Tuesday, 13 September 2011

What makes a central bank special?

Nick Rowe over at WCI has an interesting post asking what makes a central bank special; see Currency, Interest, and Redeemability.

According to Nick, what makes a central bank special is not that it can borrow and lend, create money, and set interest rates. All of us can do these things in principle; and in practice, many large private financial institutions do do these things. The difference, as Nick explains, is what he calls "asymmetric redeemability." The Bank of Montreal, for example, issues money redeemable in BoC liabilities; but the reverse is not true.

I think that's right; but let me expand with a few related thoughts of my own.

If one looks at history, a recurring property of monetary economies is the emergence of a "base money" that serves as the redemption object for "broad money" objects. Frequently, the broad money is made redeemable, on demand, and at par, with the base money. (We might even call base money "central" money, as it serves as the focal point for all other monies.)

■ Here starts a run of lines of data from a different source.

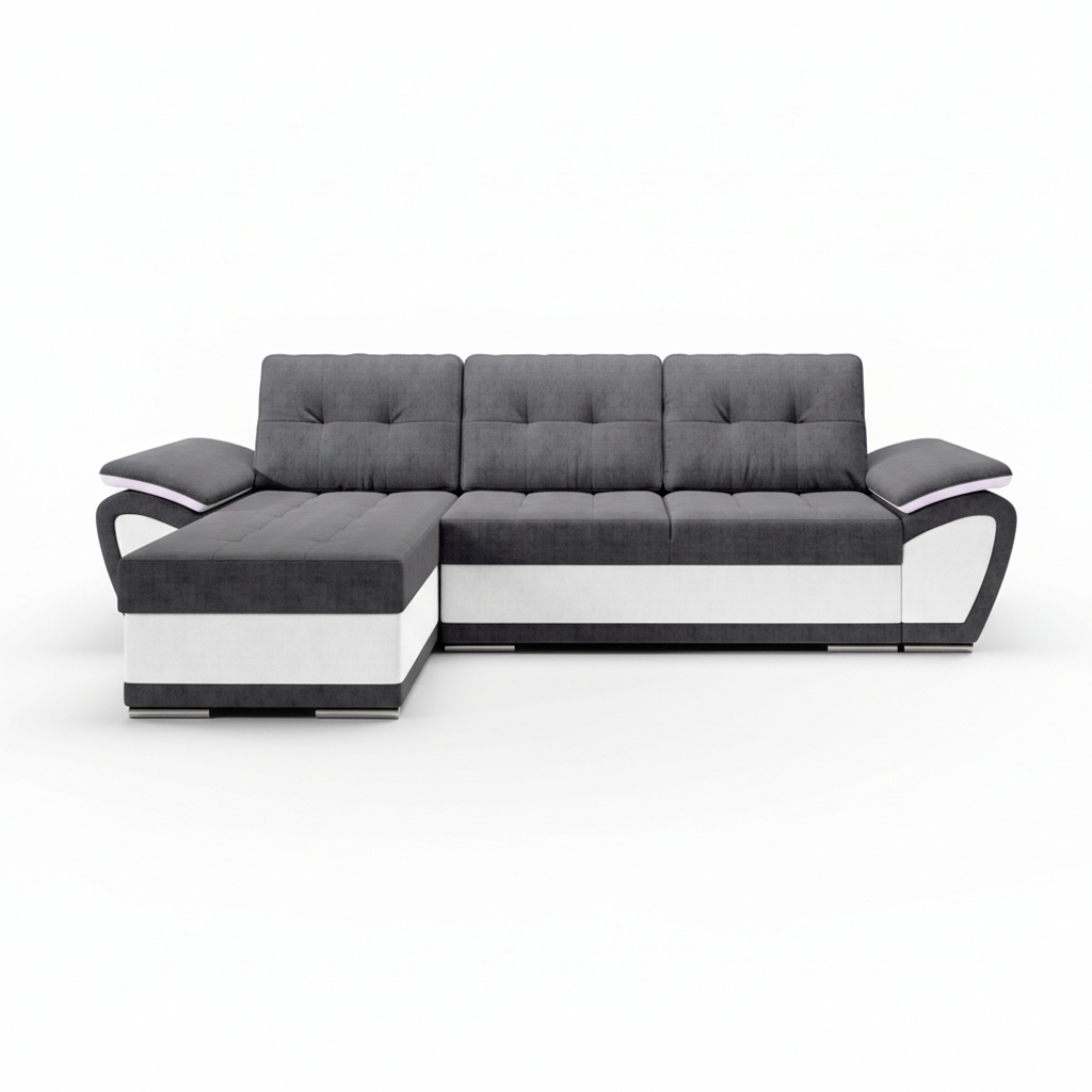Czarno-biały narożnik Enzo jest niezwykle praktyczny w codziennym użytkowaniu. Rozkładanie za pomocą automatu DL jest proste i nie wymaga wysiłku. W ten sposób zyskujemy dużą powierzchnię spania dla gości. Mebel posiada także pojemny schowek na pościel. Dzięki niemu dodatkowe kołdry i poduszki będą zawsze pod ręką. Tkanina welurowa jest przyjazna zwierzętom, a jej czyszczenie jest bardzo łatwe. Dodatkowo utrudnia wchłanianie rozlanych płynów.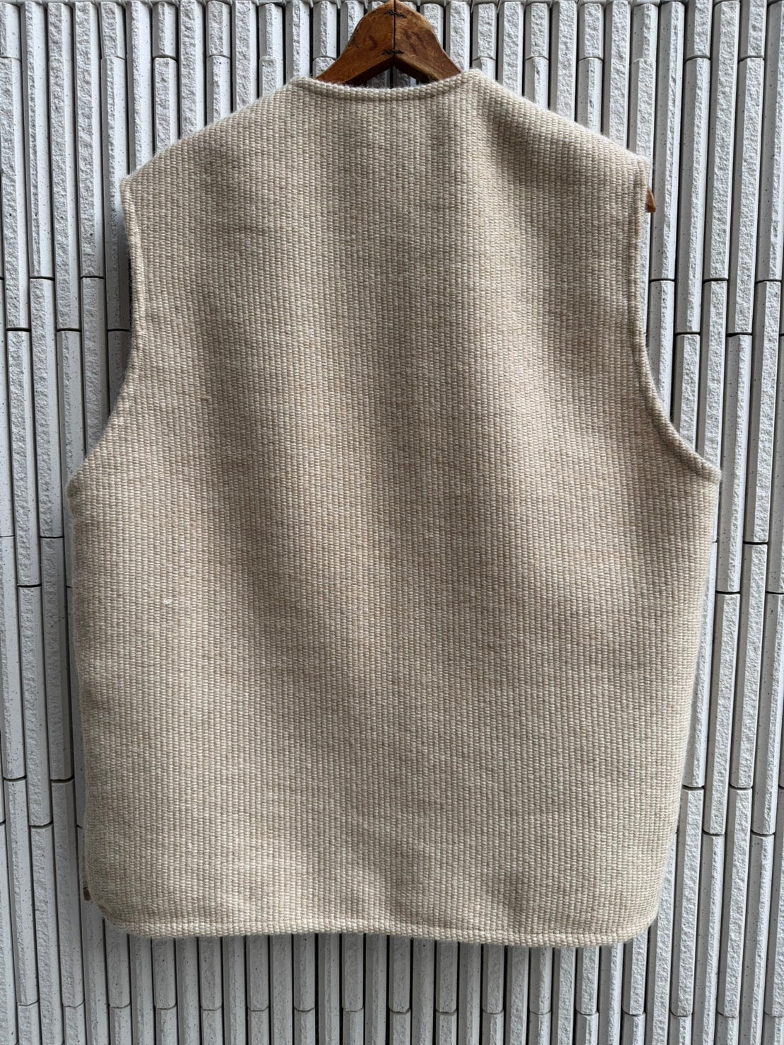 今回はチマヨベストに使用されるネイティブラグをターゲットに 経糸にはこちらも未染色の太番手のリネンの糸を使用。緯糸には上記モヘア・アルパカの糸を6本撚りにした糸を使用。この糸の間にウールの糸(こちらも未染色)を挟み込むことで、物性的な安定と密度感を高めています。実際の目付はかなり重い生地ですがその独特な風合いとハリによって体感ではそこまでの重さを感じず、たとえようのない独自の質感に仕上がっています。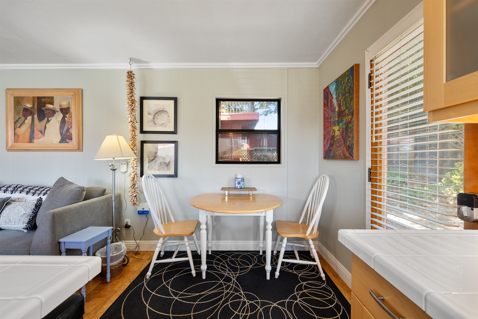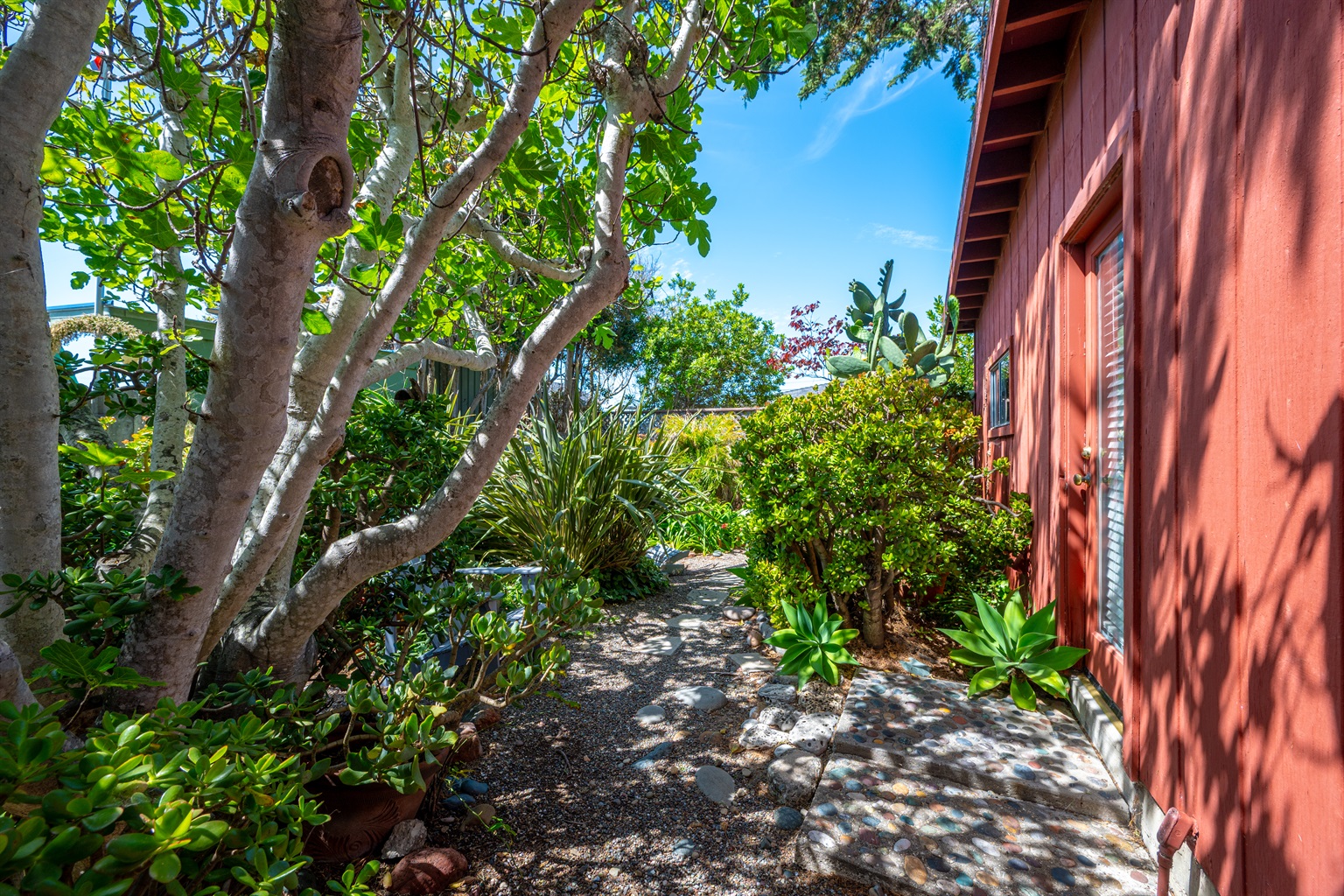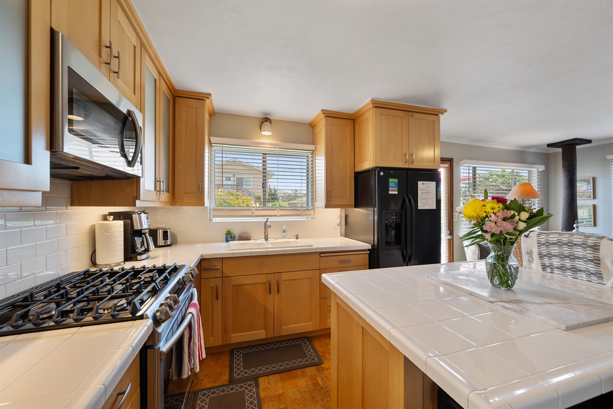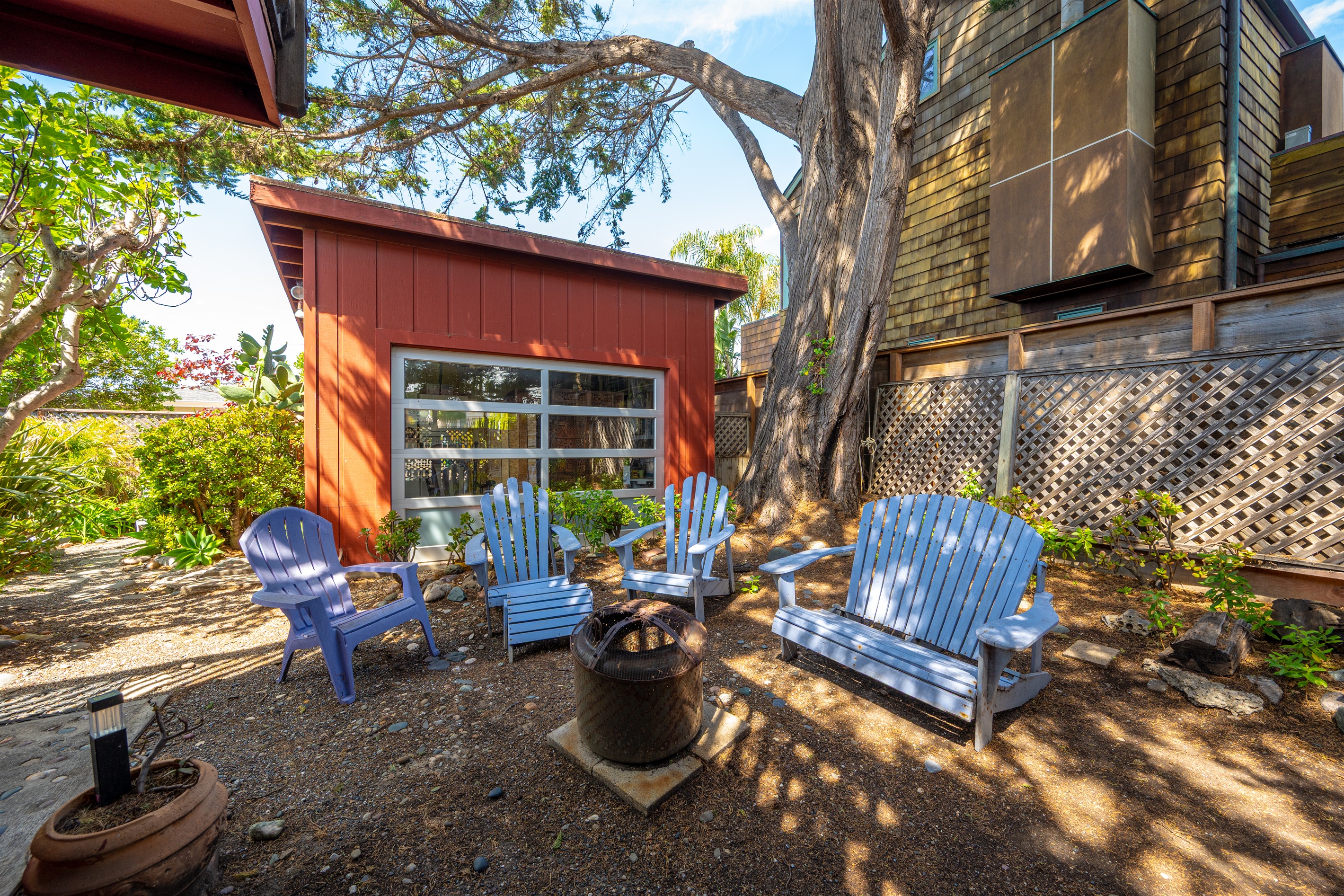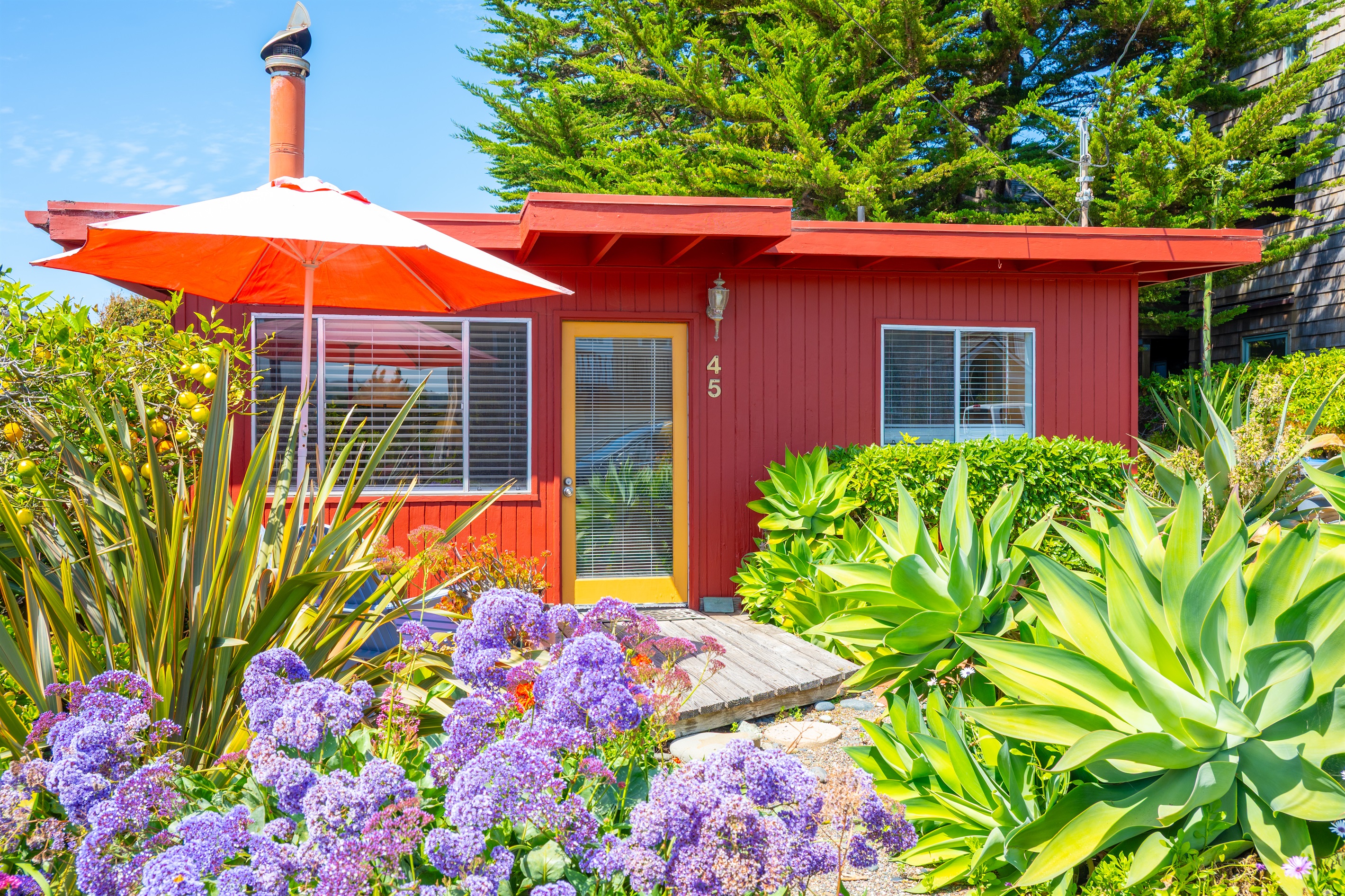 2 Bedrooms • 2 Bathrooms 2 Baths • Sleeps 2-6Decked Out is a recently renovated 2 bedroom 2 bath classic beach cottage, located in the numbered streets. 1 1/2 blocks walk to 10th Street beach access. The cozy living room and kitchen are filled with light and wonderful pieces of art. The living room has a Flat screen TV and a corner wood burning stove. The kitchen is well appointed, and includes a 5 burner gas stove. The kitchen door opens to a small patio. Master bedroom has a Cal King sized bed and French doors that open to the fenced back yard, and features an en-suite bath. The 2nd bedroom has a Queen sized bed with French doors that open to a side patio. The upper deck is a great space to enjoy the ocean breeze and views of the Pacific Ocean. An enclosed spacious back yard has an outdoor wood burning fire pit.

In modern economies, the demandable liabilities created by chartered banks (M1, say) constitute broad money made redeemable, on demand, and at par, with government cash (small denomination paper). In the antebellum US, private banknotes were made redeemable on demand at par for specie (gold and silver coin). And so on throughout much of recent monetary history.

Now, there are a lot of interesting questions that arise here that are not the main focus of my post here. For example, why do banks embed their liabilities with what amounts to be an American put option (liabilities made redeemable on demand at a fixed strike price)? Is it the byproduct of a legal restriction, or is it an equilibrium phenomenon?

Either way, it seems obvious that the agency in control of the supply of base money (the object of redemption) is going to be in a position to implement "monetary policy." Whether this is a good or bad thing is the subject of much debate of course (let's not get into that here). And so, I have to agree with Nick's conclusion:

There is something very seriously wrong with any approach to monetary theory which says we can assume central banks set interest rates and ignore currency. It is precisely those irredeemable monetary liabilities of the central bank (whether they take the physical form of paper, coin, electrons, does not matter) that give central banks their special power.

(He is, however, not quite right about private agencies not being able to issue irredeemable objects and get them to be used them as money; see Bitcoin).

Scott Sumner, who runs a very nice blog himself, has an interesting take on Nick's post; see: The Bank of Canada is Important Precisely Because it is not a Bank.  Here is Scott:

Now let’s consider a different monetary system.  Imagine a gold standard and a monopoly producer of gold.  The gold mine company would reduce short term interest rates by increasing the supply of gold.  Like currency, gold is irredeemable.  But no one would call this gold mining company a “bank” because it possesses no bank-like qualities.  Banks don’t create irredeemable assets, gold mines do.

Scott is trying to tell us that a central bank is not a bank; it is the monopoly supplier of base money. He also says that "banking has nothing to do with monetary policy."

I find it difficult to evaluate this view because he does not define "bank" or "monetary policy" here (although I'm sure he does elsewhere). Permit me once again to give my 2 cents worth.

A financial intermediary is an asset transformer. An insurance company, for example, takes "deposits" (premiums), purchases assets, and creates a set of state-contingent liabilities backed by these assets. A pension fund, as another example, takes "deposits" (contributions), purchases assets, and creates a set of time-contingent liabilities backed by these assets. A bank, finally, takes "deposits", purchases (or finances) assets, and creates a set of demandable liabilities backed by these assets.

So a bank is a special kind of intermediary. It is special because the demandable liabilities created by banks are used widely as payment instruments; i.e., money (and the demandable property of these liabilities probably goes a long way to enhancing their acceptability as money, but that's another story).

When a bank accepts your land as collateral for a money loan, it performs an asset swap. It is transforming your illiquid land into a liquid asset (the liability created by the bank). Banks are in the business of transforming illiquid assets into liquid assets. This leads us to ask what the Fed is doing when it purchases (say) MBS or UST assets? In my view it is transforming (relatively) illiquid assets into a very liquid asset (Fed cash). QE is banking; and it falls under the category of monetary policy, in my books at least.

So in some sense, all banks (private and public) are engaged in a form of  "monetary policy." But it still remains true that a central bank with legislated monopoly control over the economy's base money object is "special" precisely for this reason. And any theoretical framework that is to have any hope of ever understanding the role of money and banking in society is going to have to model these objects explicitly; the way this guy does, for example.